MIT Climate CoLab: Crowdsourcing Solutions to Global Climate Change Preparedness. The Massachusetts Institute for Technology (MIT) Center for Collective Intelligence runs the Climate CoLab, an online platform to crowdsource solutions for what to do about global climate change. Over 10,000 people from around the world have registered as members and have submitted more than 400 proposals in contests ranging from how to generate electricity with fewer harmful emissions, to how to increase public understanding about climate change. The MIT Climate CoLab recently launched two global crowdsourcing contests, in line with the White House Climate Data Initiative, to generate solutions to climate change preparedness and resilience: (1) What can be done to adapt to the impacts of climate change? and (2) How can crowdsourcing provide more efficient disaster risk management? To help the public understand the potential impacts of climate change, MIT Climate CoLab’s platform also includes computer simulation models to predict phenomena such as temperature change and sea level rise.
EcoHack: Launching New Hackahton Climate Data Track. EcoHack, an annual hackathon focused on tackling real scientific and environmental challenges through code, visualization, and hardware hacking, will launch and promote a new dedicated track to support climate data and application hacks. The event will take place this year on May 9 – 10th in New York City, San Francisco, and São Paulo, Brazil. At each of the three locations, organizers will work to identify one or more high-impact climate-relevant products or outcomes resulting from the hackathons—with the goal of creating a finished visualization, app, or website to help expand the reach and impact of these tools.

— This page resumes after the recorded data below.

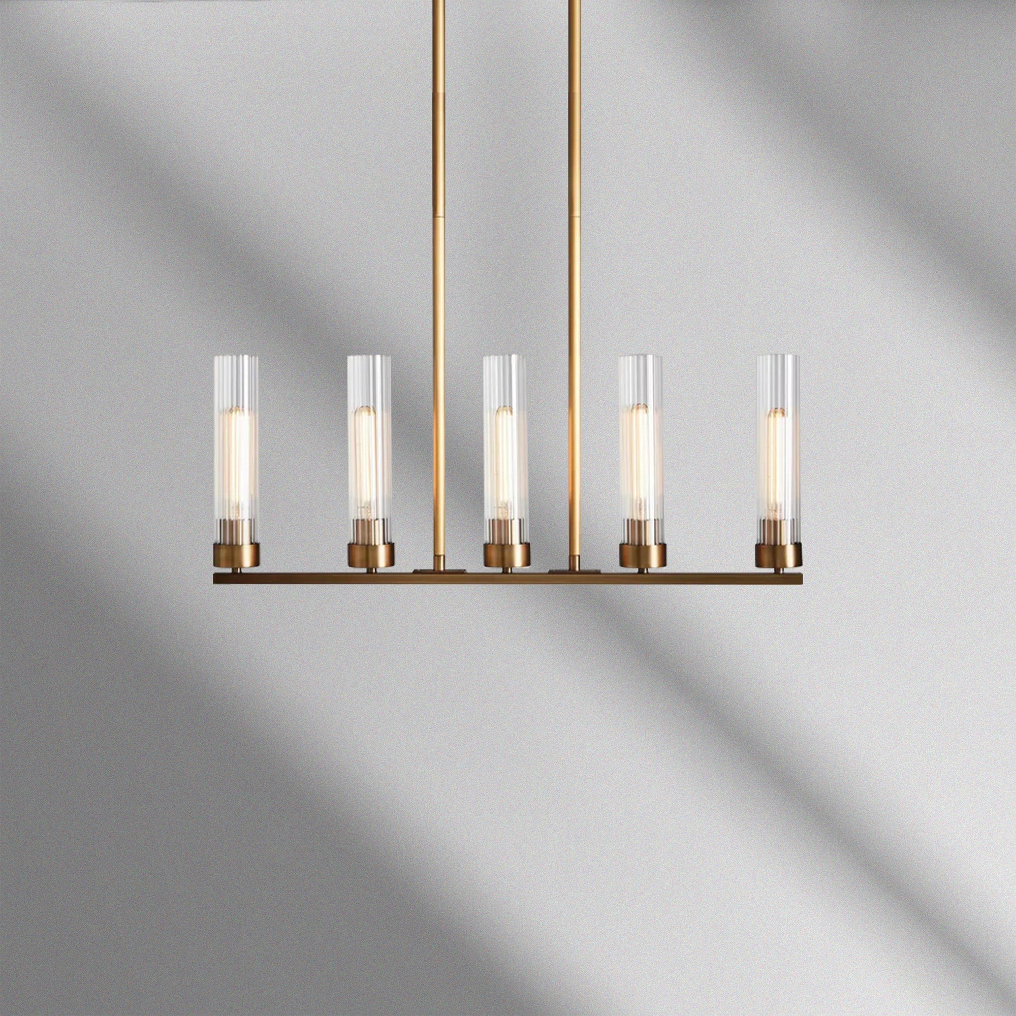 Where vintage styling meets modern aesthetics, our Andreas Lighting Collection truly shines. Featuring a striking linear design and fluted glass shades, this Andreas Chandelier features five points of illumination for a radiant, welcoming effect.Where vintage styling meets modern aesthetics, our Andreas Lighting Collection truly shines.
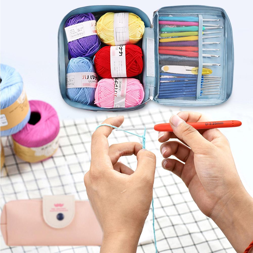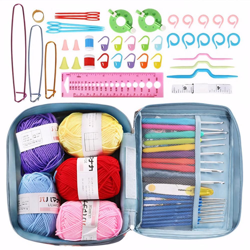 Набор из 67 крючков для вязания с чехлом, набор для начинающих, разноцветные спицы для вязания, набор для пряжи с эргономичной ручкой для начинающих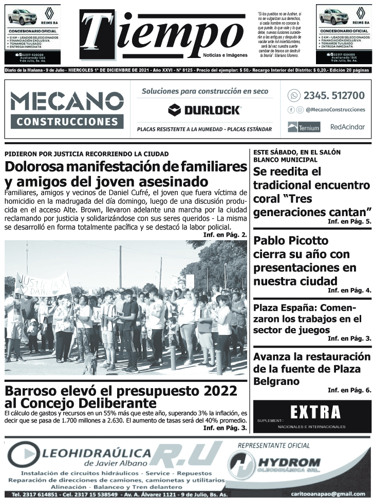 Edición impresa del día miércoles 1 de diciembre de 2021

Alliance for Water Efficiency: Over the next three years, Alliance for Water Efficiency will provide assistance to communities across the country to help them achieve water use reductions or expand water conservation programs, through webinars, workshops, and new tools. This includes AWE’s Water Conservation Tracking Tool, which enables utilities to evaluate the water savings, costs, and benefits of a variety of conservation programs, and track savings over time. AWE is also announcing it will build over the next three years an Outdoor Water Savings Research Program to produce actionable data on the potential and actual water savings from outdoor conservation measures. AWE will work with at least ten communities to customize and distribute its online Household Water Calculator, which empowers citizens to make better decisions about their water use through data, allowing consumers to calculate their own water use and compare it to a neighboring and water-efficient home, and then receive a personalized efficiency plan to help them use water more wisely.